DATA
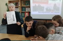 Сегодня учащиеся 6Б класса (кл.руководитель Коростина Н.Ю.) побывали на встрече в рамках акции "Дети войны" с Петровой Людмилой Витальевной.Отец Людмилы Витальевны,Виталий Петрович ушёл на фронт,когда девочке был всего один месяц. С фронта отец так и не вернулся и спустя десятки лет,в 2002 году пришло известие,что в Можайском районе под Москвой нашли медальон с запиской,который принадлежал Петрову Виталию Петровичу.
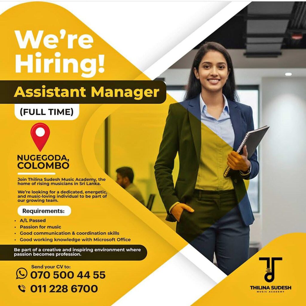 We’re hiring a Tech-Smart Assistant Manager at Thilina Sudesh Music Academy, Nugegoda!
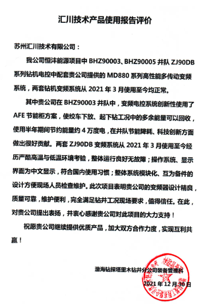 日前,汇川技术收到中国石油渤海钻探塔里木钻井分公司产品使用报告评价,“设计精良、质量可靠、维护便利……”,客户对汇川MD880的优异表现赞不绝口。
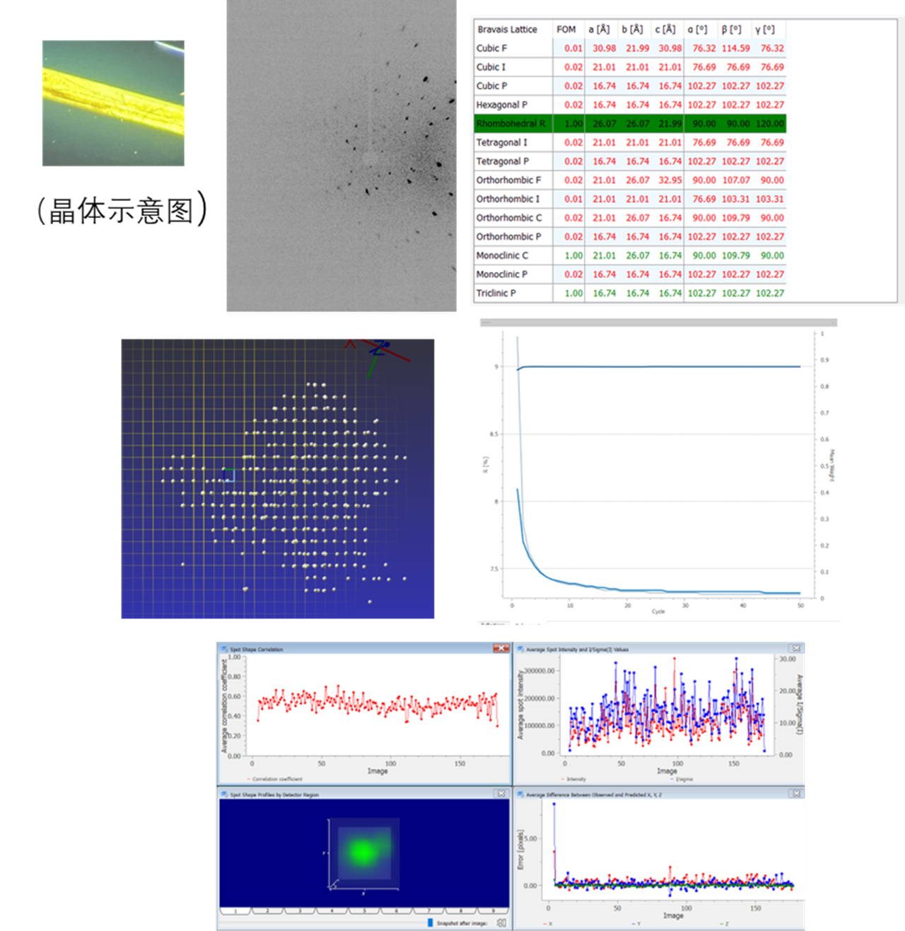 我自信地认为,这个晶体的测试也就是分分钟的事情。晶体很大,六棱柱的样子,但黯淡地发着淡黄色的光芒(晶体照片已不幸遗失)。有些想吐槽:实在不理解,为什么要让晶体干掉。但晶体的衍射能力还在,只是衍射点弥散的厉害,推测应该是失去溶剂后的晶格堆积扭曲,亦或是晶体本身就是这德性。衍射图案只是反映了当前的晶体的状况,但无从考究根本原因。一个厨师的原则是,有什么食材就只能做什么菜。然而这个看似简单的晶体着实把我拖住了。除了衍射点形状较差,其它都看起来非常正常。晶体表观上Rhombohedral R的晶系。数据还原,校正,空间群分析都没有什么太大的毛病。然而结构解析始终得不到有效的相位。
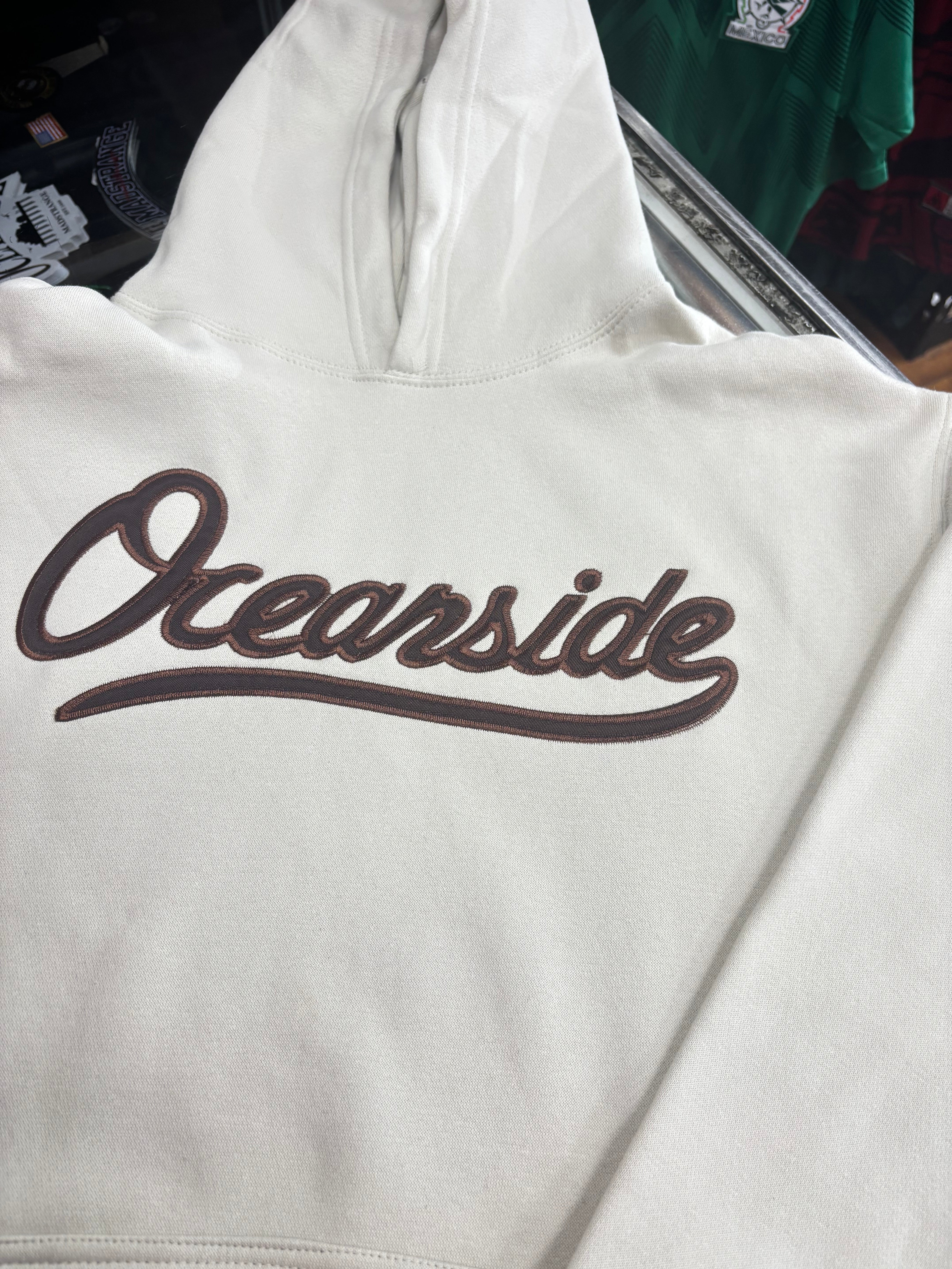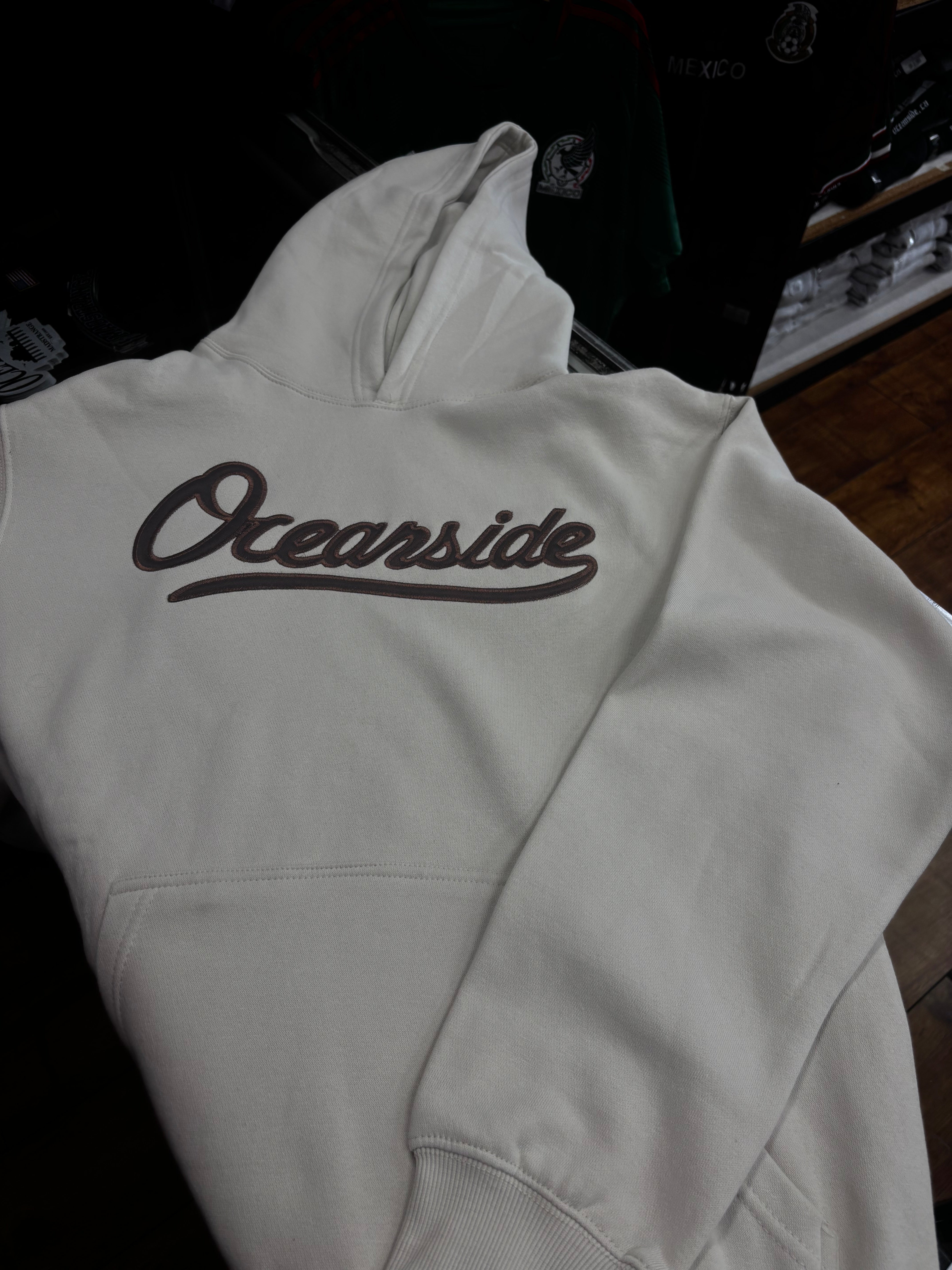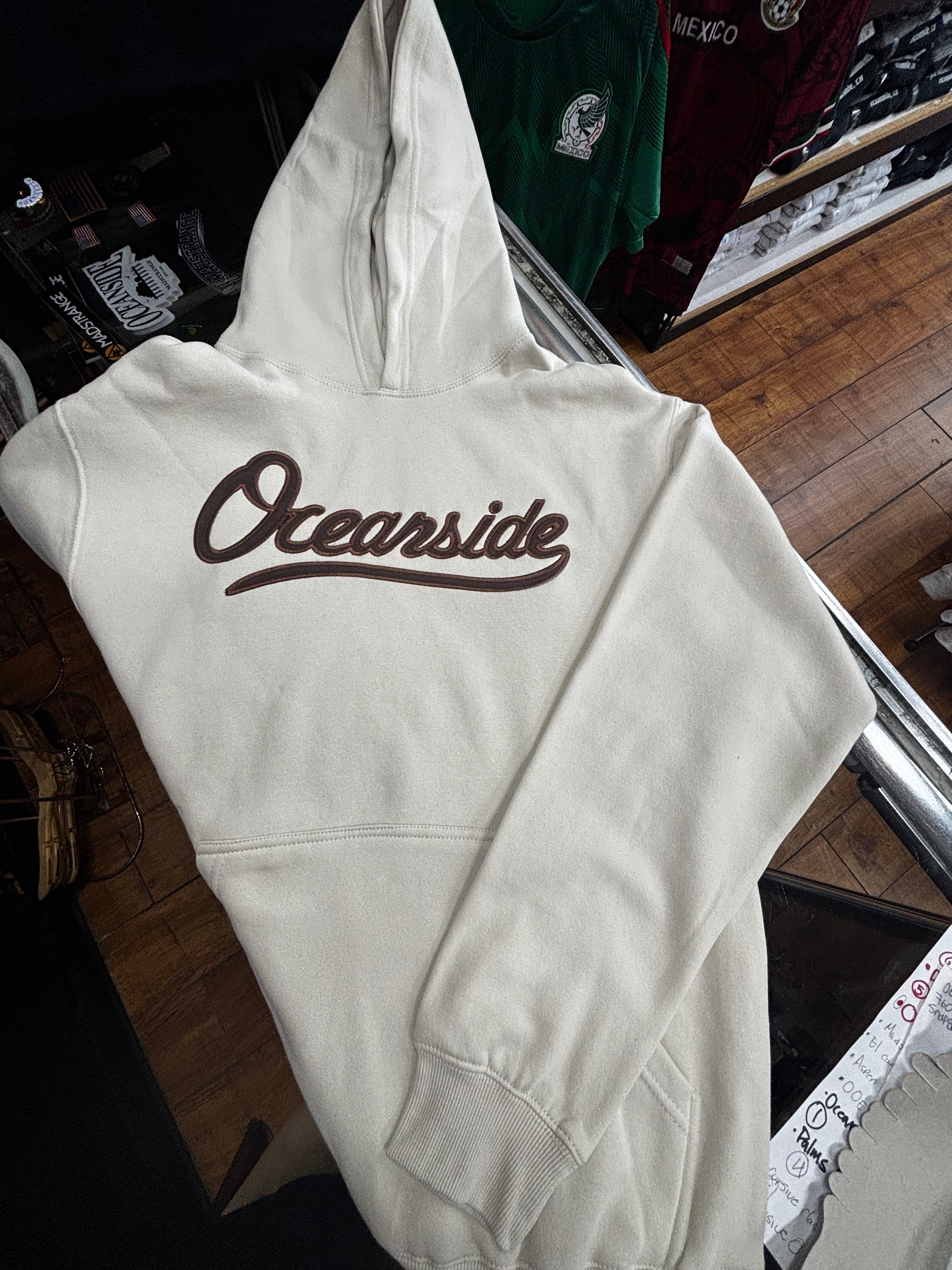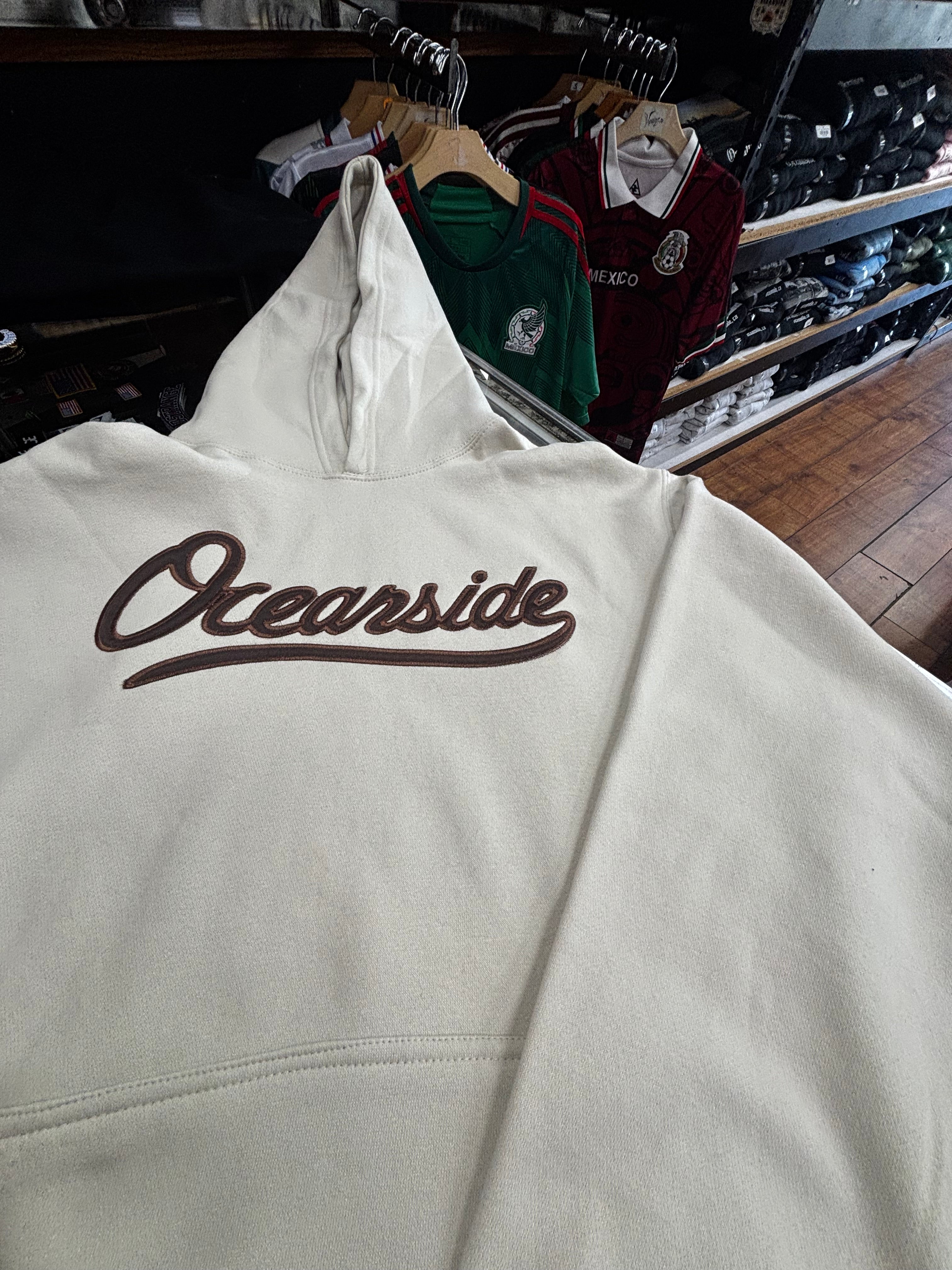 The Classic Hoodie Latte features a creamy base crafted from a heavyweight 60% cotton / 40% polyester blend, delivering cozy warmth and lasting durability. Across the chest, “Oceanside” is embroidered in rich brown classic lettering, adding a refined, understated touch to this everyday essential.
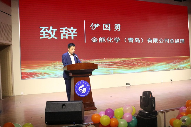 伊国勇代表金能化学(青岛)有限公司向全体毕业生致以最诚挚的祝福,向蝉联校运会“双冠王”的必赢3003no1线路检测中心田径队全体队员表示最热烈的祝贺。他介绍了企业发展情况和开展校企合作的初衷和信心,对学校、学院一直以来的大力支持表示感谢。他送给即将毕业的学子们三句话:一是将学习当成一种习惯;二是把感恩当成一种责任;三是把诚信当成一种实力。
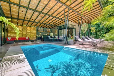 Cette villa avec 3 chambres et 2.5 salles de bain à Tamarindo vous offre une expérience des plus complètes. Les amoureux de la nature et du grand air seront ravis de loger à 10 minutes en voiture de P ... lire la suite
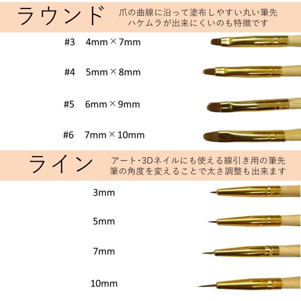 ネイルブラシ 筆 キャップ付き 選べる20種 フレンチ 平筆 ラウンド ライン ネイルアート ウッド ネイル筆 木
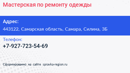 Мастерская по ремонту одежды по адресу 443122, Самарская область, Самара, Силина, 3Б в дальнейшем Организация, размещена в следующих категориях:
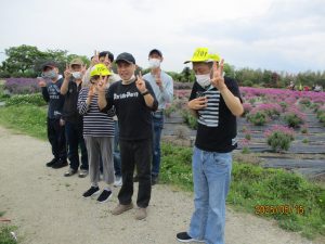 薔薇やラベンダーをバックに集合写真を撮りました!

REQUIRED ACTION
Nothing but the lines from the one with "The Classic Hoodie" to the one with "伊国勇代表金能化学(青岛)有" above, both included, should be transcribed, exactly and without pictures.

WRITTEN SOLUTION
 The Classic Hoodie Latte features a creamy base crafted from a heavyweight 60% cotton / 40% polyester blend, delivering cozy warmth and lasting durability. Across the chest, “Oceanside” is embroidered in rich brown classic lettering, adding a refined, understated touch to this everyday essential.
 伊国勇代表金能化学(青岛)有限公司向全体毕业生致以最诚挚的祝福,向蝉联校运会“双冠王”的必赢3003no1线路检测中心田径队全体队员表示最热烈的祝贺。他介绍了企业发展情况和开展校企合作的初衷和信心,对学校、学院一直以来的大力支持表示感谢。他送给即将毕业的学子们三句话:一是将学习当成一种习惯;二是把感恩当成一种责任;三是把诚信当成一种实力。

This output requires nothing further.